"Dan Brussee" <db******@nc.rr.com> wrote in message
news:ce********************************@4ax.com...
This may not be true, but I heard that the "throttling" was basically
a mechanism to artificially slow the server down as it went over X
number of concurrent users... not that it would just stop working.
It's not actually the number of concurrent user, it's concurrent operations.
From
http://msdn.microsoft.com/library/de...2000webapp.asp
<quote>
Understanding the Workload Governor
All versions of SQL Server 2000 (including MSDE 2000) support up to 32,767
connections per instance ...[snip] ... More importantly for your application
designs, MSDE 2000 employs what is known as a concurrent Workload Governor.
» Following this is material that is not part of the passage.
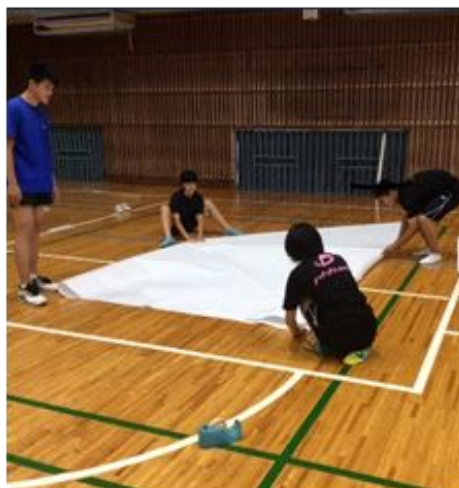
折り紙はスポーツになるか
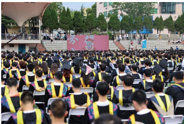
图为南望山校区毕业典礼现场

“回首来时路，白云深几重。”历经沧桑的中华民族，曾经创造过无与伦比的辉煌，也面对过近代以来空前严重的民族危机，正是中华民族儿女们坚持不懈的奋斗，敢为人先的探索，百折不挠的尝试，气吞山河的行进，才得以实现民族独立和人民解放。100年前，从上海石库门、嘉兴南湖出发，中国共产党让流动的时光有了精神的刻度，让变动的历史有了确定的航道，探寻了一条从筚路蓝缕走向伟大复兴的强国之路，绘制了一张从星星之火点亮万里山河的恢宏画卷，奏响了一曲“江山就是人民，人民就是江山”的初心之歌。70年前，应国家所需，地大人干起了“动地”的事业，从学院路29号到鲁磨路388号、锦程街68号，一路荆棘丛生、充满坎坷，但一代代地大人踔厉奋发，笃行不怠，传承红色血脉、坚守育人初心，谱写了地质报国、资源富国、科教强国、环境护国，建设特色鲜明高水平大学的华彩篇章。基于长期以来对校史和地质学史的研究，我近年来常常提醒新入职的老师：地大崇尚真英雄、胸怀大理想，地大人要有恢弘之格局和非凡之气魄。翻开历史之书，字字引人深思，句句催人奋进：书写的荣光背后，绝不是一蹴而就、一帆风顺、一片祥和，而是充满着挫折、坎坷、危机、变局，但是当复兴巨轮有“主心骨”把舵领航，前行列车有“信号灯”指引，人民伟力插上“中国梦”的翅膀，就没有什么能阻挡我们前进的步伐。

The effect of the governor is to slow certain operations down by stalling
user connections for a few milliseconds whenever there are more than eight
concurrent operations. Some system-generated events in the database engine
count against this eight-operation limit, so the governor may kick in even
when your application code requests fewer than eight operations. The key is
concurrent operations, such as executing a query. This is not the same as
concurrent users. In most applications, there is a certain amount of user
"think time," where a live connection to the server exists, but the user is
not actually performing a task that accesses the database. The actual number
of concurrent users can be much higher.
</quote>
I'm just wondering what this means in practice.